When you retype the records that follow, keep each word as it is and drop any pictures.

Start of Data shown

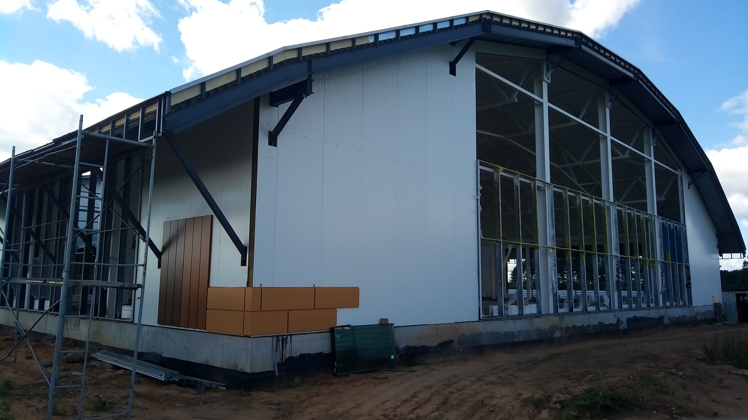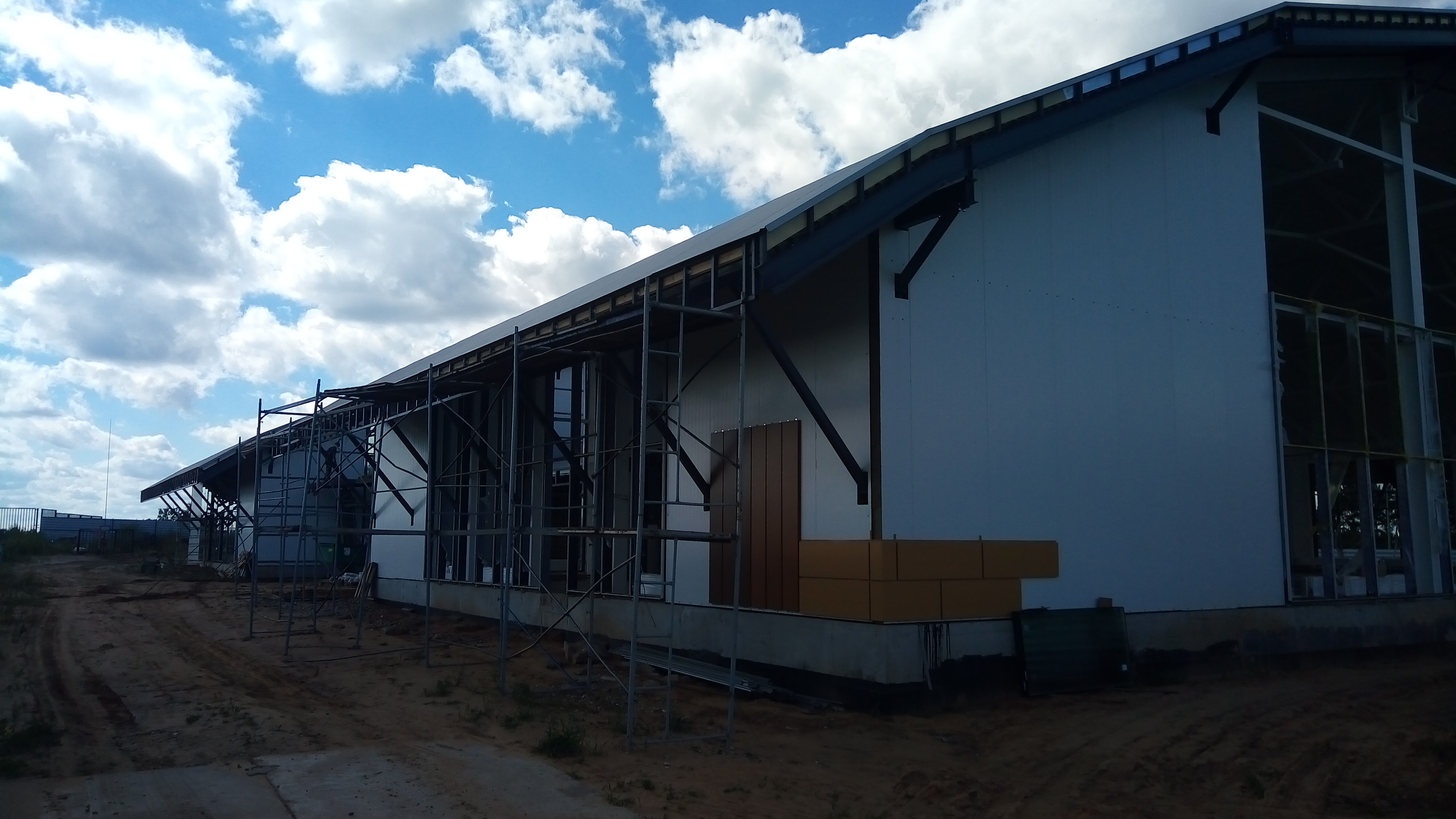 Ведутся работы по монтажу профлистов кровельного покрытия, устройству внутренних стен.
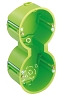 Gerätedoppeldose HW 050/2 WD, Hohlwand-Gerätedoppeldose, flammwidrig, für Plattenstärken von 1 bis 40 mm, mit angespritzten, patentierten Kombibrücken und Lochwerkzeug, Geräteschraubenabstand 60 mm , mit Schutzart IP30 , 139 x 68 x , mit geschlossenen Membran-Einführungen, Bohrloch Ø 2 x 68mm, 50mm tief, Kombinationsabstand 71mm
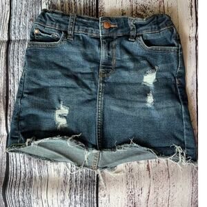 Girls 6-6X Disterssed Denim Jean Skirt, Frayed Hem, Blue, Wonder Nation
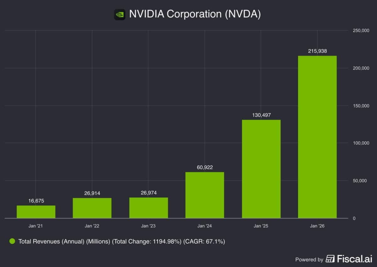 Das Wachstum von Nvidia seit 2021 ist das, wovon Investoren träumen. Der Umsatz ist in den letzten fünf Jahren von 16,6 Milliarden US-Dollar auf 215,9 Milliarden US-Dollar gestiegen, was einer durchschnittlichen jährlichen Steigerung von 67 % entspricht.
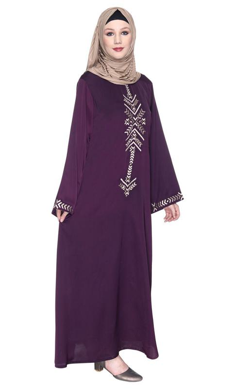 Deep Purple Front Closed Abaya With Angular Embroidery Design
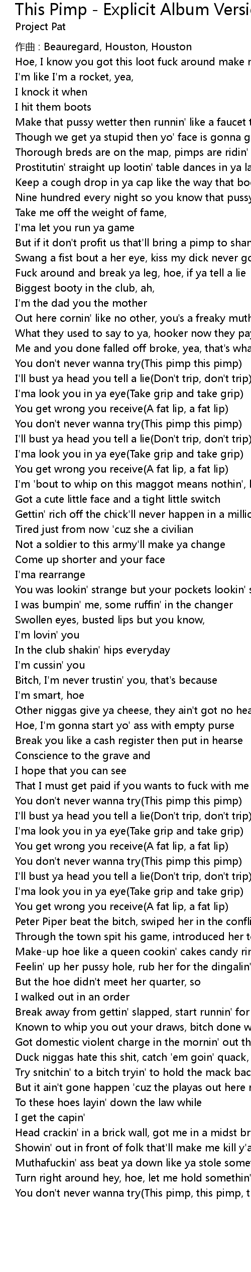 | Peter Piper beat the bitch, swiped her in the conflict | |
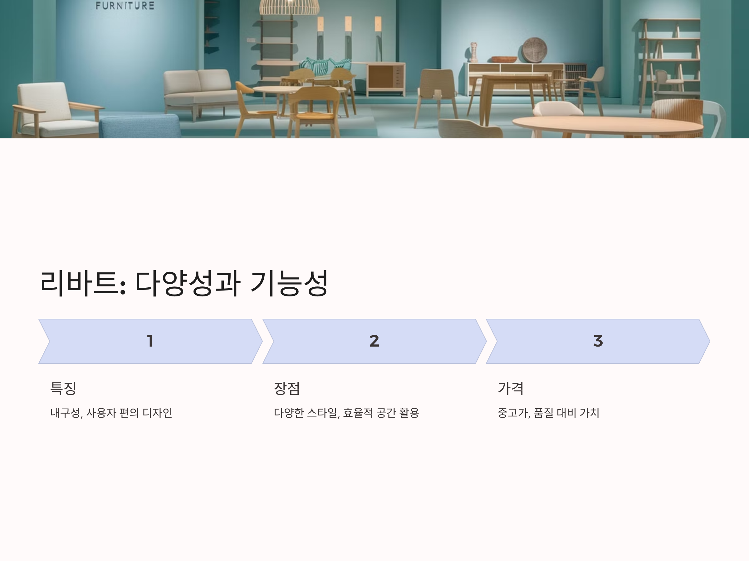 리바트의 가장 큰 장점은 다양한 가구 스타일을 제공한다는 점입니다. 다양한 색상과 디자인으로 선택의 폭이 넓고, 그 어떤 스타일에도 잘 어울립니다. 가격은 다소 높지만, 품질과 디자인 면에서 충분한 가치를 제공합니다.
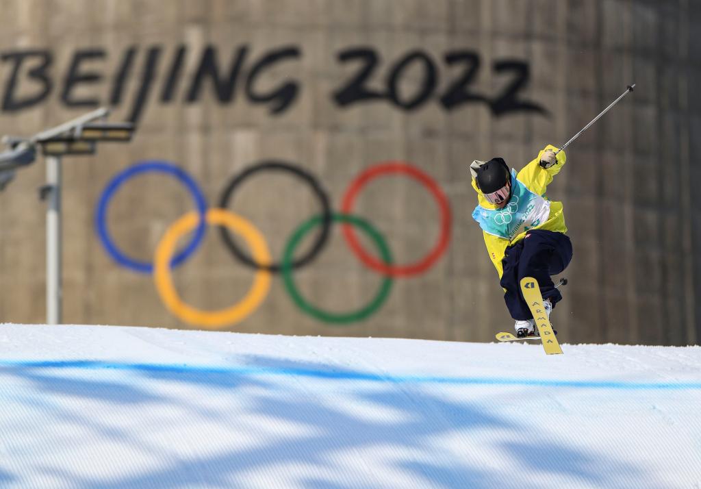Henrik Harlaut of Sweden competes during the freestyle skiing men's freeski big air final at Big Air Shougang in Beijing, capital of China, Feb. 9, 2022. (Xinhua/Liu Xu)
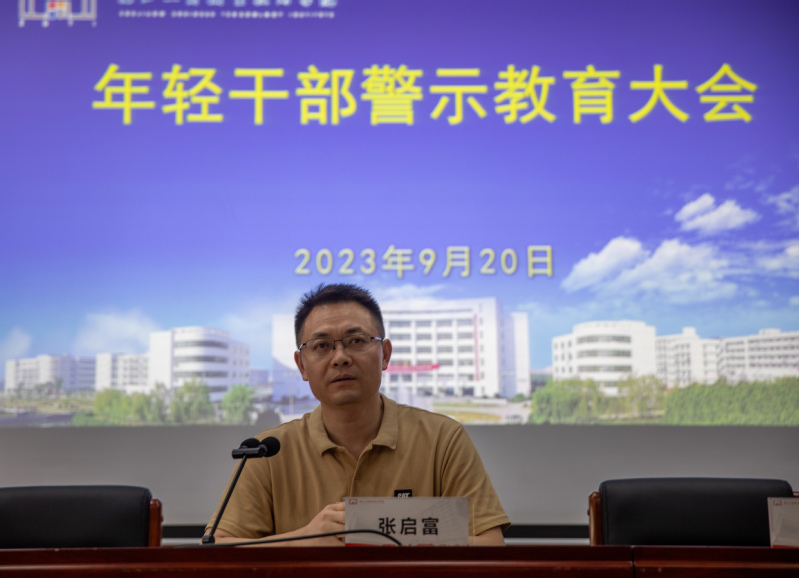 为学习贯彻习近平总书记关于加强年轻干部教育管理监督的重要论述,进一步增强年轻党员干部廉洁自律意识,根据集团纪委工作部署,学校于2023年9月20日下午在中和楼217会议室召开年轻干部(40周岁以下全体教职工)警示教育大会。校纪委书记张启富出席会议,会议由纪委办公室主任袁腾辉主持。

End of Data shown

### Exercise response
 Ведутся работы по монтажу профлистов кровельного покрытия, устройству внутренних стен.
 Gerätedoppeldose HW 050/2 WD, Hohlwand-Gerätedoppeldose, flammwidrig, für Plattenstärken von 1 bis 40 mm, mit angespritzten, patentierten Kombibrücken und Lochwerkzeug, Geräteschraubenabstand 60 mm , mit Schutzart IP30 , 139 x 68 x , mit geschlossenen Membran-Einführungen, Bohrloch Ø 2 x 68mm, 50mm tief, Kombinationsabstand 71mm
 Girls 6-6X Disterssed Denim Jean Skirt, Frayed Hem, Blue, Wonder Nation
 Das Wachstum von Nvidia seit 2021 ist das, wovon Investoren träumen. Der Umsatz ist in den letzten fünf Jahren von 16,6 Milliarden US-Dollar auf 215,9 Milliarden US-Dollar gestiegen, was einer durchschnittlichen jährlichen Steigerung von 67 % entspricht.
 Deep Purple Front Closed Abaya With Angular Embroidery Design
 | Peter Piper beat the bitch, swiped her in the conflict | |
 리바트의 가장 큰 장점은 다양한 가구 스타일을 제공한다는 점입니다. 다양한 색상과 디자인으로 선택의 폭이 넓고, 그 어떤 스타일에도 잘 어울립니다. 가격은 다소 높지만, 품질과 디자인 면에서 충분한 가치를 제공합니다.
Henrik Harlaut of Sweden competes during the freestyle skiing men's freeski big air final at Big Air Shougang in Beijing, capital of China, Feb. 9, 2022. (Xinhua/Liu Xu)
 为学习贯彻习近平总书记关于加强年轻干部教育管理监督的重要论述,进一步增强年轻党员干部廉洁自律意识,根据集团纪委工作部署,学校于2023年9月20日下午在中和楼217会议室召开年轻干部(40周岁以下全体教职工)警示教育大会。校纪委书记张启富出席会议,会议由纪委办公室主任袁腾辉主持。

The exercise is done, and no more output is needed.